With regard to strictly military measures and instruments, it is necessary to create or increase the capacities of the affected states’ own military instruments by means of cooperation on:
- personnel training activities carried out within the context of military and law enforcement training programmes; unit training; the use of special forces; assistance with local operations (i.e. joint planning and/or supervision and monitoring of the implementation of such operations rather than taking actual command of local forces);
- equipment handling and technological capacity-building; temporary provision of matériel and equipment (drones, surveillance aircraft, satellites, border surveillance systems) to ensure specific capacities, such as peacekeeping, humanitarian assistance, coastal surveillance or maritime interdiction.
- exchange of information and general or specific intelligence for local operations (from external sources: drones, surveillance aircraft, satellites) and the capacity to obtain and analyse intelligence.

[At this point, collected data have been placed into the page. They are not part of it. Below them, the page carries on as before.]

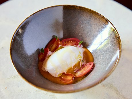 The second dish is “Local Goat Cheese and Tomato.” A scoop of smooth, fresh goat cheese ice cream is placed on ratatouille, complemented by tomatoes treated in three ways: semi-dried, smoked, and fresh.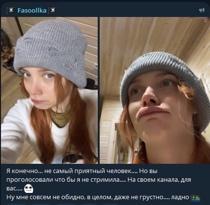 Ну F чухне. Призналась что хочет быть шлюхой, оправдывала шлюх, несла фем хуйню. Весь образ который был последние годы просто разрушился за один стрим. Жду ее осознание завтра на трезвую.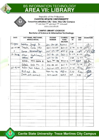 BS INFORMATION TECHNOLOGY AREA VII: LIBRARY Cavite State University- Trece Martires City Campus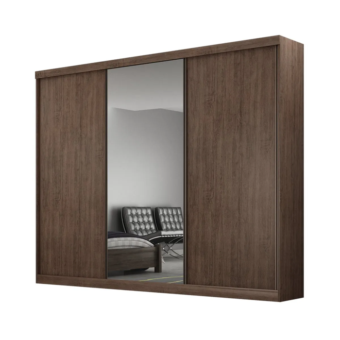 Guarda Roupa Manaus 3 Portas de Correr e 4 Gavetas com Espelho Valverde Canion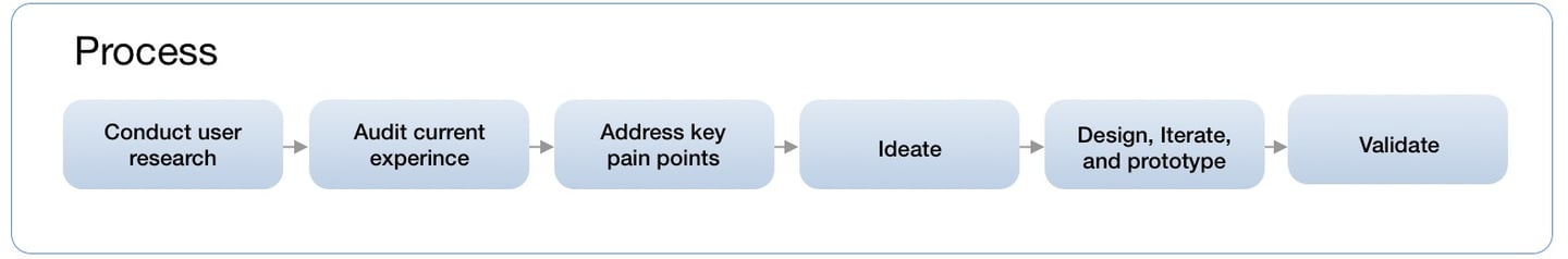 After understanding customers' needs and concerns, I started to revisit and audit the existing experience. Auditing the existing experience helped me see the bigger picture of the product and also inspired me to come up with strategies to resolve the user concerns I discovered from the previous research.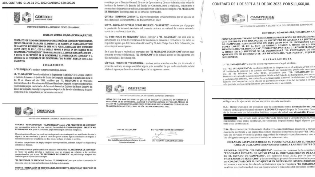 También adelantaron que la diputada Piña Sabido continúa percibiendo ingresos de 30 mil pesos al mes como parte del equipo de López López, aunque no lleva la defensa de ningún usuario, y que no se han subido los contratos correspondientes al portal de transparencia por ser de reciente firma.

Special forces units can be used as a supplementary tool.
Aware of the security problems plaguing the region, the EU developed a Strategy for Security and Development in the Sahel during the Spanish Presidency in 2010. It does not focus exclusively on security (the fight against crime and AQIM’s terrorism), but rather also takes aspects of development (infrastructure, job opportunities for young people, local consolidation) into consideration in order to overcome the risk of radicalisation of marginalised populations. In this context, it has conducted technical and political missions over the last three years in the most affected countries in order to assess the situation and identify possible actions so as to develop a broad regional strategy.
The main reasons the Sahel has become a danger zone are the weakness of the states and the vast amounts of space. These are the most important factors determining what needs to be done to find a strategic solution. It is critical to take a comprehensive regional approach aimed at preventing a unity of purpose, action and implementation between organised crime groups (drug trafficking, human trafficking, arms trafficking and smuggling), terrorist groups and parts of the local population.

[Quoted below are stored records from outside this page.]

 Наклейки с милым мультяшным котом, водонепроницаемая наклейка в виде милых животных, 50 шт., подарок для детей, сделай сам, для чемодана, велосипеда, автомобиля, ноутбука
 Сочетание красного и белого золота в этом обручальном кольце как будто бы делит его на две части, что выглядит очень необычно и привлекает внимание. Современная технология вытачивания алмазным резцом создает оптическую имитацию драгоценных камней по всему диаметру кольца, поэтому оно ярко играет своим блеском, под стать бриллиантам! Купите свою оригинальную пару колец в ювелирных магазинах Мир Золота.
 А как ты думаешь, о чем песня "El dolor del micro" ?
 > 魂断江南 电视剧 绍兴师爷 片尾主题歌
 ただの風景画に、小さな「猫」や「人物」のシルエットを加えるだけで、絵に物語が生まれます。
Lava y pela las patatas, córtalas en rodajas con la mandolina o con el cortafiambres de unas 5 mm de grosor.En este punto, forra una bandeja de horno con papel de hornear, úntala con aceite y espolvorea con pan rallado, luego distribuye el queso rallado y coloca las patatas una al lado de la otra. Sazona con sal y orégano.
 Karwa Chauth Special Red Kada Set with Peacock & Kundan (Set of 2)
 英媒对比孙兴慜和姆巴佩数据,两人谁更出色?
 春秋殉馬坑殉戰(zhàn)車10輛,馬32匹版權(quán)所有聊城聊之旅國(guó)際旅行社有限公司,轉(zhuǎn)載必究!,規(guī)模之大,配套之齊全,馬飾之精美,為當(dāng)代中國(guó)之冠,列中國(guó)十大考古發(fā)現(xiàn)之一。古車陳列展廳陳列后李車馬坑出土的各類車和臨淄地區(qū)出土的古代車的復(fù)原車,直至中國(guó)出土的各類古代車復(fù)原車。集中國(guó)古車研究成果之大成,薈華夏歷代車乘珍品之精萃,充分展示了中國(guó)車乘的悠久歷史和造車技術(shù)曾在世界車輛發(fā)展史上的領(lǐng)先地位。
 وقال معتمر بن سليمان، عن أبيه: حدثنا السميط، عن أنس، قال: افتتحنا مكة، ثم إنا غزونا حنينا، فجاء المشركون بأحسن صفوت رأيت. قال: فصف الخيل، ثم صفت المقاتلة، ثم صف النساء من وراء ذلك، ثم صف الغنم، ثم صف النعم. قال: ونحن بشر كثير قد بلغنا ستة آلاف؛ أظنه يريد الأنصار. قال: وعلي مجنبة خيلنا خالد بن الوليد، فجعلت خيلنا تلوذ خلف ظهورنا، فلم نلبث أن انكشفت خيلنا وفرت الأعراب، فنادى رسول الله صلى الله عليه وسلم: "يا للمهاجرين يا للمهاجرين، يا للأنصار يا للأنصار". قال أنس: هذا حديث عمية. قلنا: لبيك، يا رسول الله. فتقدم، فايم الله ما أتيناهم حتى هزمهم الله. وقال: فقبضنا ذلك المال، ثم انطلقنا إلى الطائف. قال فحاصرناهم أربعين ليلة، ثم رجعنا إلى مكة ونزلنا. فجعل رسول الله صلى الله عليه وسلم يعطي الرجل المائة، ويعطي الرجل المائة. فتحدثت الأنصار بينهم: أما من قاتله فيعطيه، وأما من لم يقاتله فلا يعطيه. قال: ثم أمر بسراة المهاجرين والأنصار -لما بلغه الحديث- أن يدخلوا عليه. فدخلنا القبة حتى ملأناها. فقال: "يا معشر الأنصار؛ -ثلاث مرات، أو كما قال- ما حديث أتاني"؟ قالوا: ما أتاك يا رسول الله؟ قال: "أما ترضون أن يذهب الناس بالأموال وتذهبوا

At the regional level, the African Union, the Economic Community of West African States (ECOWAS), and the Economic Community of Central African States (ECCAS) must seek political solutions and intensify cooperation to tackle the region’s challenges. Although due to the conflict in Mali, multilateral bodies such as ECOWAS have indeed taken on an important role in managing the conflict, their ability to succeed will certainly be affected by the limited capacity that their Member States have in operational terms to respond to this type of conflict.

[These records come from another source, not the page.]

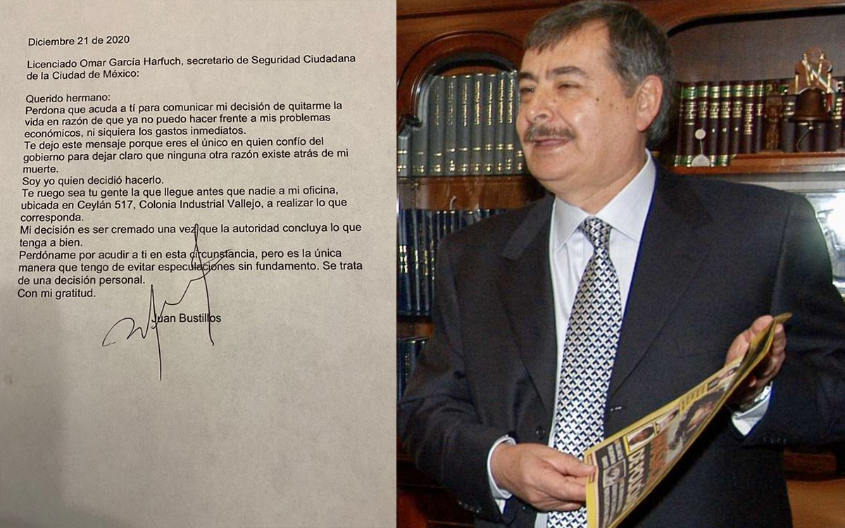 El periodista Juan Bustillos, director y dueño de la revista Impacto, publicó el lunes su última columna y dejó una carta en la que explicaba los motivos que lo llevaron a quitarse la vida ese mismo día.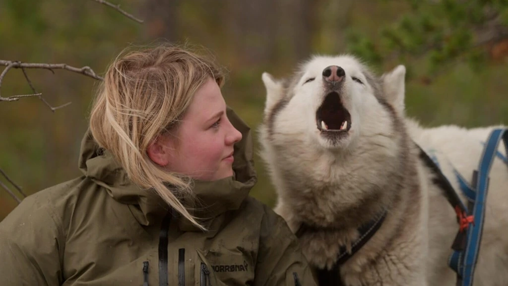 Hege Wik a její pes Sautso si spolu užívají pořádné „a-woo“ ve „Folktales“. (Magnolia Pictures)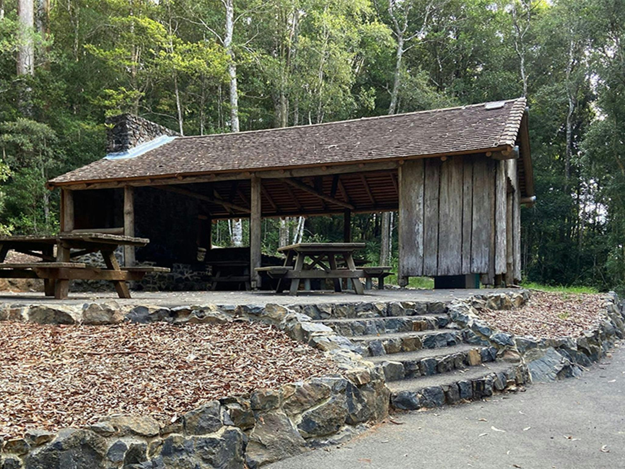 A picnic shelter and table at Never Never picnic area, accessible by stone steps or a concrete path.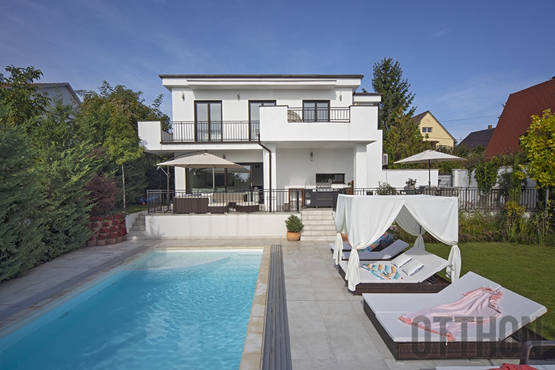 A maximális kikapcsolódást szolgáló hangulat az emeleten is folytatódik; semmilyen felesleges tárgy nem zavarja a felhőtlen pihenést, és szinte minden hálószobához saját erkély kapcsolódik. Innen a szülők jól belátják a teljes kertet, amelyet ők alakítottak át. Olyan jól sikerült az áttervezés, hogy ha éppen nem az ellenáramoltatós medencében róják a hosszokat, vagy a sekélyebb gyerekrészben pancsolnak, biztos, hogy valamelyik kültéri pihenőrészen töltik a nap nagy részét. Merthogy azokból is van választék: fedett balkon, nyitott étkezős terasz, klasszikus napozó- és keleties hangulatú baldachinos ágy várja őket. Utóbbi sokszor a gyerekek kuckójává alakul, függönyeit behúzva remek búvóhely, csak a friss limonádéért nyúl ki egy-egy apró kéz, este pedig a felnőttek borozgatásának helye. Viktóriáék boldogok, hisz előttük a teljes nyár és egy ház, amely nem csak ígéri, de el is hozza a szabadság minden örömét.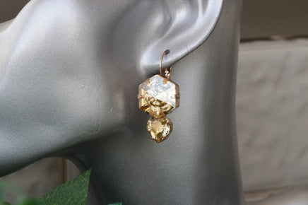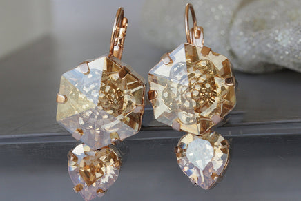 GOLD HEART EARRINGS, Bridesmaid Gift, Wedding, Champagne Rebeka , Love Jewelry, Christmas gift,Birthday Gift for Her, Anniversary Gift

So long as the transition processes in the Maghreb remain unfinished, and the weak governments of the states of the Sahel and the threats to international security continue to exacerbate the already chronic weakness of the countries of the Sahel, the international community will need to play a decisive role, focusing its actions on technical assistance in areas such as: electoral reform, economic growth and diversification, and regional security.
The military action taken by France and its allies is not a long-term plan, nor a solution in itself; however, in the current phase, it is a critical tool for establishing a certain security framework. It must be accompanied by an endorsement from the UN Security Council and more than nominal EU involvement.